§ **THE DATA**
◇ ◇ ◇
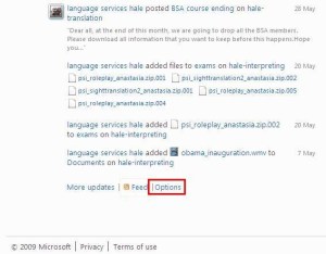 A powerful feature of Windows Live is the What’s new RSS feed which can save you a lot of time by aggregating important news from your professional (e.g. http://hale-interpreting.groups.live.com or http://hale-translation.groups.live.com) and personal (remember, it is only aggregated for you and your login) live. And you can customized what you want to see there, if you at the end of your “What’s new”section on http://home.live.com click on options, like here:
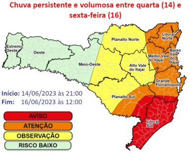 Conforme o órgão, a preocupação é para às próximas horas, onde são esperados acumulados em torno de 40 mm de chuva no Litoral Norte. Nas regiões da Grande Florianópolis e Litoral Sul também são esperados um grande volume de chuva, principalmente na madrugada desta sexta-feira (16). São esperados até 150 mm nesses locais. As regiões Litoral Sul (faixa vermelha do mapa) e Grande Florianópolis (faixa laranja no mapa), são as regiões com maiores riscos para ocorrências meteorológicas.
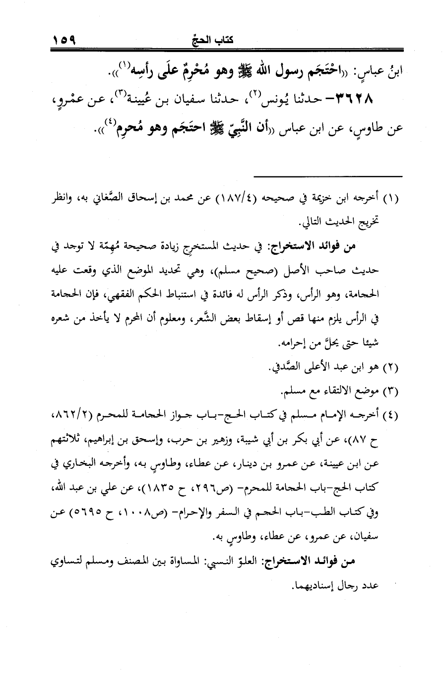 (¬3) أخرجه الإمام مسلم في كتاب الحج -باب جواز الحجامة للمحرم (2/ 862، ح 87)، عن أبي بكر بن أبي شيبة، وزهير بن حرب، وإسحق بن إبراهيم، ثلاثتهم عن ابن عيينة، عن عمرو بن دينار، عن عطاء، وطاوسٍ به، وأخرجه البخاري في كتاب الحج -باب الحجامة للمحرم- (ص 296، ح 1835)، عن علي بن عبد الله، وفي كتاب الطب -باب الحجم في السفر والإحرام- (ص 1008، ح 5695) عن سفيان، عن عمرو، عن عطاء، وطاوسٍ به.
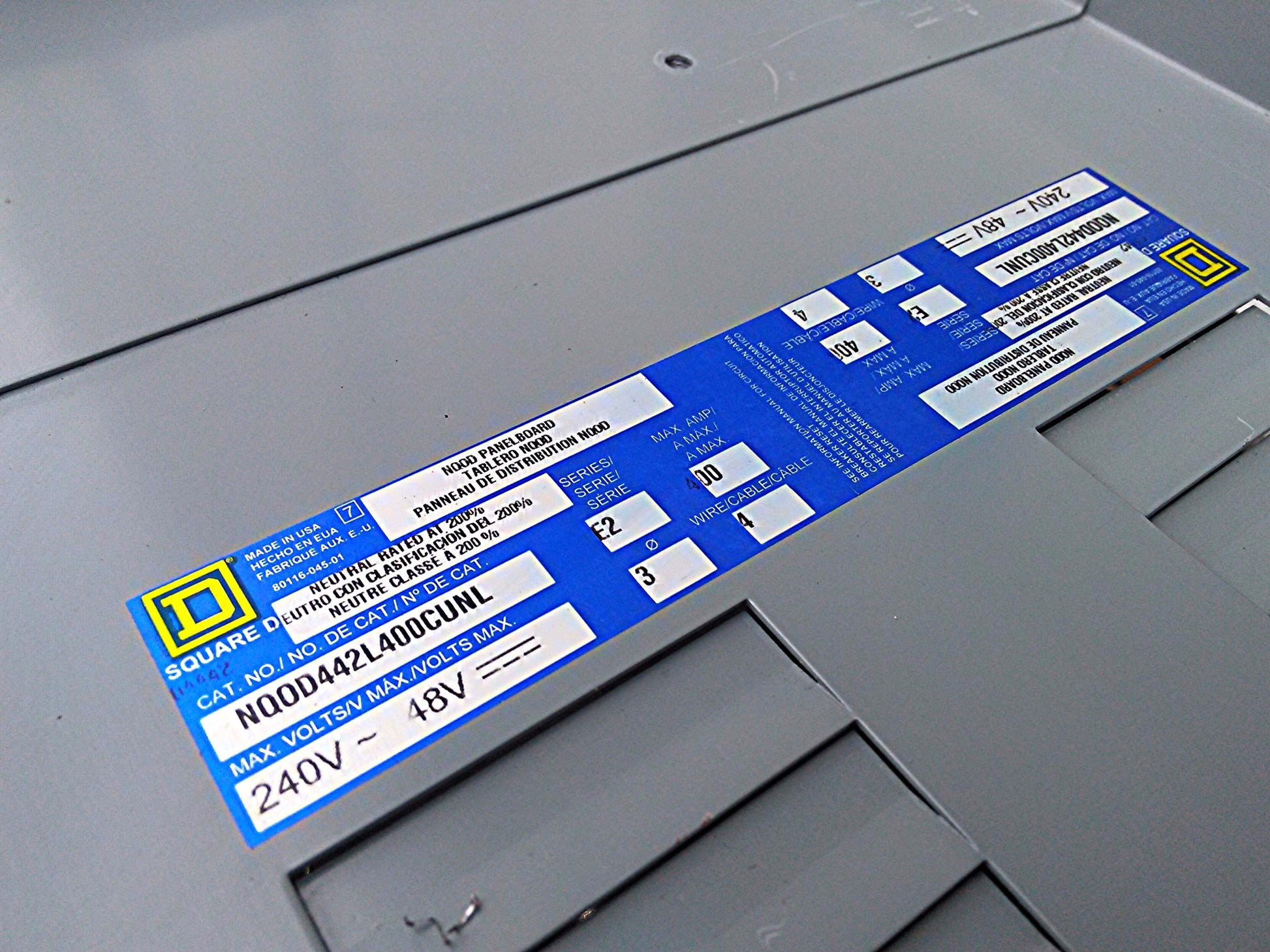 SQUARE D NQOD442L4OOCUNL MAIN CIRCUIT BREAKER PANEL BOARD ELECTRIC FREESHIP
◇ ◇ ◇
§ **WHAT THE TASK ASKS**
Please return only the lines from the one holding "Conforme o órgão, a" through the end of the data, both ends included; do not copy any pictures.

§ **RESPONSE TO THE EXERCISE**
 Conforme o órgão, a preocupação é para às próximas horas, onde são esperados acumulados em torno de 40 mm de chuva no Litoral Norte. Nas regiões da Grande Florianópolis e Litoral Sul também são esperados um grande volume de chuva, principalmente na madrugada desta sexta-feira (16). São esperados até 150 mm nesses locais. As regiões Litoral Sul (faixa vermelha do mapa) e Grande Florianópolis (faixa laranja no mapa), são as regiões com maiores riscos para ocorrências meteorológicas.
 (¬3) أخرجه الإمام مسلم في كتاب الحج -باب جواز الحجامة للمحرم (2/ 862، ح 87)، عن أبي بكر بن أبي شيبة، وزهير بن حرب، وإسحق بن إبراهيم، ثلاثتهم عن ابن عيينة، عن عمرو بن دينار، عن عطاء، وطاوسٍ به، وأخرجه البخاري في كتاب الحج -باب الحجامة للمحرم- (ص 296، ح 1835)، عن علي بن عبد الله، وفي كتاب الطب -باب الحجم في السفر والإحرام- (ص 1008، ح 5695) عن سفيان، عن عمرو، عن عطاء، وطاوسٍ به.
 SQUARE D NQOD442L4OOCUNL MAIN CIRCUIT BREAKER PANEL BOARD ELECTRIC FREESHIP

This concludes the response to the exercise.